社内ルールの整備、審査・チェック方法、現場の把握・点検、お客様の声の収集・活用、教育研修について、他社事例からヒントが得られます。
(1)社内ルールの整備
まずコンプライアンス上問題ないルールを作成し、次にそのルールに基づいて従業員が業務を行う仕組みを作ることで、法令違反を防ぐ。
主な取組事例
《ルールの内容》
法令のほか業界自主基準や公正競争規約などの規範等を参考に作成。実務に則した内容とする、使いやすさを高める。
• あえて法律よりも厳しい社内ルールを作成
• 曖昧さを排除して判断を明確に示す表示のルールブックを作成
• 募集資料作成ガイドライン等のルールの整備
• 広告・取扱説明書作成などにおける表示の社内ガイドラインを作成
• 解約手続きを適正に実施するためにマニュアルを整備
《ルールの形態》
マニュアル、文例集・用語集、フォーマットなど各社の実務上のニーズに応じて作成。
• 表示に使う用語のコンパクトなルールを作成
• 法令に沿った表現のリストを作成
• キャンペーン景品の限度額を判定する Excel シートを作成
• 商品情報を一元的にまとめた資料を作り、表示作成やお客様対応などに活用
• 法令違反をしないように契約書面をフォーマット化
• 法令遵守を意識した業務マニュアルの参照を徹底
《ルールの運用》
作成したルールの冊子等を配布、イントラネットで共有するなど、参照を促す工夫。
• 実際の接客の流れに沿って、コンプライアンスを説明する「指導書」を配布
• ポータルサイトで表示のルールや文例集を共有
• 各担当が表示をチェックする手順を規定
• 作成したルールは定期的に見直す
(2)審査・チェック
ルール順守のチェック方法
従業員数100 人超の事業者(41社)で多く採られている方法は、「チェック担当部署がある」31社(76%)、「担当部内で確認する」26社(63%)、「マニュアルがある」「チェックリストがある」がどちらも18社(44%)となっている。
100 人以下の事業者(36社)では、「担当部内で確認する」24社(67%)、「チェック担当部署がある」10社(28%)、「チェックリストがある」4社(11%)、「マニュアルがある」3社(8%)となった。
「担当部内で確認」については、規模による差異は大きくなかったが、「チェック担当部署がある」については48ポイント、チェックリストやマニュアルについては30ポイント以上も開きがあった。
中小規模の事業者においては、審査・チェックのための部署を置くことや体制を整えることの難しさがうかがえる。
主な取組事例
業務の担当部門とコンプライアンス部門による段階的なチェックなど、複数の目で確認することでチェックの精度や確実性を高める。
営業・販売の業務ラインだけでチェックを完結させない。
• 表示管理担当者を中心に厳しく表示をチェック
• 開発、生産、営業(宣伝、販売)、サービス、修理の各段階で表示をチェック
• 募集資料・広告表示を作成部門とコンプライアンス部門でダブルチェック
• 担当部門とコンプライアンス担当により、段階的に表示をチェック
• テレビ CM など、影響力の大きい広告表示は会議を開いて審議
商品表示については、商品の企画、開発段階から審査担当が関与。

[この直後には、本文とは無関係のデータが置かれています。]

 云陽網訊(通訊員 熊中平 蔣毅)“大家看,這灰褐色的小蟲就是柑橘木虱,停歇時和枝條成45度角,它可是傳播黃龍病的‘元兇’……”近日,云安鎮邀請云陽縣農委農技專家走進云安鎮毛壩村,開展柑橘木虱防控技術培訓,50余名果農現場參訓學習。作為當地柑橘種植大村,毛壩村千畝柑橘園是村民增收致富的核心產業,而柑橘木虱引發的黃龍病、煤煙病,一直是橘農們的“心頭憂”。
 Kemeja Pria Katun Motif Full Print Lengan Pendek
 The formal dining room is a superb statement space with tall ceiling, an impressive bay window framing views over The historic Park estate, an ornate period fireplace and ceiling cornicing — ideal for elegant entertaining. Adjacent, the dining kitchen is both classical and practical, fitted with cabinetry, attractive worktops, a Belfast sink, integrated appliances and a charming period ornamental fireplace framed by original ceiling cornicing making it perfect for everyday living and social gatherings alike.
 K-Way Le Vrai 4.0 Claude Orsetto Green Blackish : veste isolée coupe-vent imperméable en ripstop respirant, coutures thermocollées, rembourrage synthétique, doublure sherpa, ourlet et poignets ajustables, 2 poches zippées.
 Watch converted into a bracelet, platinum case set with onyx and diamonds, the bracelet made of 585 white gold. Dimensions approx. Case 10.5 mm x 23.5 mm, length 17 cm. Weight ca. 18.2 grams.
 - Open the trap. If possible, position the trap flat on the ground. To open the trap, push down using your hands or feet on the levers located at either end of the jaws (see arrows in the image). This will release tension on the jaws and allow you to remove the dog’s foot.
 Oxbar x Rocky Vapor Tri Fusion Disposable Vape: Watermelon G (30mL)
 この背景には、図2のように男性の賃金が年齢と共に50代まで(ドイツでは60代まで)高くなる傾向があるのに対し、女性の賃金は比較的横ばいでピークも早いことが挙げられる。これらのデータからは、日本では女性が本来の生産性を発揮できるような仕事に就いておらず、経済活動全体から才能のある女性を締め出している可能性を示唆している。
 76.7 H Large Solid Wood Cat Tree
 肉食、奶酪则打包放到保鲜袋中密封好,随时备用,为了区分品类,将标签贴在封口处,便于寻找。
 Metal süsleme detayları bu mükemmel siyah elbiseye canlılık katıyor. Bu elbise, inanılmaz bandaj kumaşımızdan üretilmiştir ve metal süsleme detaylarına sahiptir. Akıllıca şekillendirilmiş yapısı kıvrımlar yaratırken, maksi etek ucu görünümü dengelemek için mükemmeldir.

(主に製造業の事業者)
出来上がった表示を審査するだけでなく、そもそも不適切な表示が作成されないように工夫する。
• お客様相談部門がお客様の視点で商品や表示を企画段階からチェック
• 表示に関する施策について、企画段階から相談
• 法務、技術、広告宣伝関係者が集まって広告表示の根拠資料を審査
• 仕入れた商品の品質、効果効能の根拠が正しいか自社で確認
• 販売条件、限度額等を設定し、逸脱の可能性がある取引を事前にチェック
社内だけでなく取引先と協力してチェックすることでダブルチェックの精度をさらに高めている。
• タイアップして作成する広告表示を審査して相手方と協議
• 仕入先や販売店と協力して表示をチェック
• 表示審査担当部門が社内他部署や関係他社とダブルチェックを実施
• 外部の目による表示(看板、景品、POP)のチェック
チェックの手順を定める方法、チェックシートを利用して漏れがないようにチェックする方法、イントラネットを使って様々な部署の担当者が一斉にチェックをする方法など、チェックを効率的・効果的に進める工夫。
• チェックリストを用いて広告・販促資料を審査
• 表示の審査を、システムを利用してワークフロー形式で実施
• 表示の審査結果を数値化して作成部門にフィードバック
• 約款を年に 1 回、入念にチェックして改訂
(3)現場の把握・点検
事前の審査・チェックだけでなく、実際に店舗等の現場を巡回して、広告表示や販売・契約の方法等を点検する。
主な取組事例
《景品表示法関係》
店頭広告や価格表示の現場点検のほか、広告作成等に関わる部署での根拠資料の保管状況を点検する、ホームページで使われている用語を点検する等の取組。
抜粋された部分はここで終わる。